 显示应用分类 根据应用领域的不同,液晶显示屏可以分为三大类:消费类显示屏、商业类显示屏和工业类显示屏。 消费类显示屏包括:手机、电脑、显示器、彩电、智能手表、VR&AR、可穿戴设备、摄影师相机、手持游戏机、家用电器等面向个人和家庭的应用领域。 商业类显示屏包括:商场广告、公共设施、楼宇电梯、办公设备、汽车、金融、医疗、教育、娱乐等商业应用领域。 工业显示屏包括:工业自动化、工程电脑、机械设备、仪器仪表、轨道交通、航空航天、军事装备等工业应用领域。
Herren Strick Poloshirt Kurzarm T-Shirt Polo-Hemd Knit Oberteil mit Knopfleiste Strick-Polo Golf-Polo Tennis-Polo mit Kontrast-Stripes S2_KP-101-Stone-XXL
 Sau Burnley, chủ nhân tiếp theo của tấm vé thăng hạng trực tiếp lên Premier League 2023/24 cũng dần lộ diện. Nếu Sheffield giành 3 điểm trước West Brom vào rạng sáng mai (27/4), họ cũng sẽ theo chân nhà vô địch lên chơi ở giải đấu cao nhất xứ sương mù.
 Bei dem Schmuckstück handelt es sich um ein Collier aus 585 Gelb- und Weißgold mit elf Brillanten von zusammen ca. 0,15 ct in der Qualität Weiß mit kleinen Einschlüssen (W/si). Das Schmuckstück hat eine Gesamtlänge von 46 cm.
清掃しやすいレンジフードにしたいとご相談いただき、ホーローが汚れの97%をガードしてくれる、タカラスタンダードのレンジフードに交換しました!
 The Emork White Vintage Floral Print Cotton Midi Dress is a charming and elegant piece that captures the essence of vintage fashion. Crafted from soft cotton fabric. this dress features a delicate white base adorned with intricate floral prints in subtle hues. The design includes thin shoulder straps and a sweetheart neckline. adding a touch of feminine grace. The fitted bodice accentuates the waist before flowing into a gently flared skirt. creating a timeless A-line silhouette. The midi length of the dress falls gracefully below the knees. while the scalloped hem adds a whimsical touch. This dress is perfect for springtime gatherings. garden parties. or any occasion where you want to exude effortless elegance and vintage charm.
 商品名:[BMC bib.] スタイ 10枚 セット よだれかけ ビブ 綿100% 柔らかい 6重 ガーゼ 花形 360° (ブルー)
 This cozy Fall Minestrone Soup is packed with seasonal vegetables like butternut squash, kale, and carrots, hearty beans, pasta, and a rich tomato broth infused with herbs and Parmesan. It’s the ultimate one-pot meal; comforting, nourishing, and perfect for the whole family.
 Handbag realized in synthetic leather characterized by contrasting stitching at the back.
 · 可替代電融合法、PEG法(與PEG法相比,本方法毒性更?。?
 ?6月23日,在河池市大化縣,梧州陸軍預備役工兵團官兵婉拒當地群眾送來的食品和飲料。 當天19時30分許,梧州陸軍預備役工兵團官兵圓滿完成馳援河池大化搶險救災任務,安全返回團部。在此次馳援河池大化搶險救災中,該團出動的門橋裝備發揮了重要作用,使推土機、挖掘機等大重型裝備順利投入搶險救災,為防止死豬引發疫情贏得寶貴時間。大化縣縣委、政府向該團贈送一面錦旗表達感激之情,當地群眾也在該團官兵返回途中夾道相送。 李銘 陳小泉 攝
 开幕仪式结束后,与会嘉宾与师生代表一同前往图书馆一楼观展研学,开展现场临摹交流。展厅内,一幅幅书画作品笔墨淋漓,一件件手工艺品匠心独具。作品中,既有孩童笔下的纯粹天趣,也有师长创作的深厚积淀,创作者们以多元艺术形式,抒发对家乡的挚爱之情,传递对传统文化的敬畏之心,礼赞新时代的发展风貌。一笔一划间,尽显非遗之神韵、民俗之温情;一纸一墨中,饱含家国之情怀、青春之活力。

****

#### [Task description]
Your response should consist of the listing, reproduced exactly.

#### [Solution to this problem]
 显示应用分类 根据应用领域的不同,液晶显示屏可以分为三大类:消费类显示屏、商业类显示屏和工业类显示屏。 消费类显示屏包括:手机、电脑、显示器、彩电、智能手表、VR&AR、可穿戴设备、摄影师相机、手持游戏机、家用电器等面向个人和家庭的应用领域。 商业类显示屏包括:商场广告、公共设施、楼宇电梯、办公设备、汽车、金融、医疗、教育、娱乐等商业应用领域。 工业显示屏包括:工业自动化、工程电脑、机械设备、仪器仪表、轨道交通、航空航天、军事装备等工业应用领域。
Herren Strick Poloshirt Kurzarm T-Shirt Polo-Hemd Knit Oberteil mit Knopfleiste Strick-Polo Golf-Polo Tennis-Polo mit Kontrast-Stripes S2_KP-101-Stone-XXL
 Sau Burnley, chủ nhân tiếp theo của tấm vé thăng hạng trực tiếp lên Premier League 2023/24 cũng dần lộ diện. Nếu Sheffield giành 3 điểm trước West Brom vào rạng sáng mai (27/4), họ cũng sẽ theo chân nhà vô địch lên chơi ở giải đấu cao nhất xứ sương mù.
 Bei dem Schmuckstück handelt es sich um ein Collier aus 585 Gelb- und Weißgold mit elf Brillanten von zusammen ca. 0,15 ct in der Qualität Weiß mit kleinen Einschlüssen (W/si). Das Schmuckstück hat eine Gesamtlänge von 46 cm.
清掃しやすいレンジフードにしたいとご相談いただき、ホーローが汚れの97%をガードしてくれる、タカラスタンダードのレンジフードに交換しました!
 The Emork White Vintage Floral Print Cotton Midi Dress is a charming and elegant piece that captures the essence of vintage fashion. Crafted from soft cotton fabric. this dress features a delicate white base adorned with intricate floral prints in subtle hues. The design includes thin shoulder straps and a sweetheart neckline. adding a touch of feminine grace. The fitted bodice accentuates the waist before flowing into a gently flared skirt. creating a timeless A-line silhouette. The midi length of the dress falls gracefully below the knees. while the scalloped hem adds a whimsical touch. This dress is perfect for springtime gatherings. garden parties. or any occasion where you want to exude effortless elegance and vintage charm.
 商品名:[BMC bib.] スタイ 10枚 セット よだれかけ ビブ 綿100% 柔らかい 6重 ガーゼ 花形 360° (ブルー)
 This cozy Fall Minestrone Soup is packed with seasonal vegetables like butternut squash, kale, and carrots, hearty beans, pasta, and a rich tomato broth infused with herbs and Parmesan. It’s the ultimate one-pot meal; comforting, nourishing, and perfect for the whole family.
 Handbag realized in synthetic leather characterized by contrasting stitching at the back.
 · 可替代電融合法、PEG法(與PEG法相比,本方法毒性更?。?
 ?6月23日,在河池市大化縣,梧州陸軍預備役工兵團官兵婉拒當地群眾送來的食品和飲料。 當天19時30分許,梧州陸軍預備役工兵團官兵圓滿完成馳援河池大化搶險救災任務,安全返回團部。在此次馳援河池大化搶險救災中,該團出動的門橋裝備發揮了重要作用,使推土機、挖掘機等大重型裝備順利投入搶險救災,為防止死豬引發疫情贏得寶貴時間。大化縣縣委、政府向該團贈送一面錦旗表達感激之情,當地群眾也在該團官兵返回途中夾道相送。 李銘 陳小泉 攝
 开幕仪式结束后,与会嘉宾与师生代表一同前往图书馆一楼观展研学,开展现场临摹交流。展厅内,一幅幅书画作品笔墨淋漓,一件件手工艺品匠心独具。作品中,既有孩童笔下的纯粹天趣,也有师长创作的深厚积淀,创作者们以多元艺术形式,抒发对家乡的挚爱之情,传递对传统文化的敬畏之心,礼赞新时代的发展风貌。一笔一划间,尽显非遗之神韵、民俗之温情;一纸一墨中,饱含家国之情怀、青春之活力。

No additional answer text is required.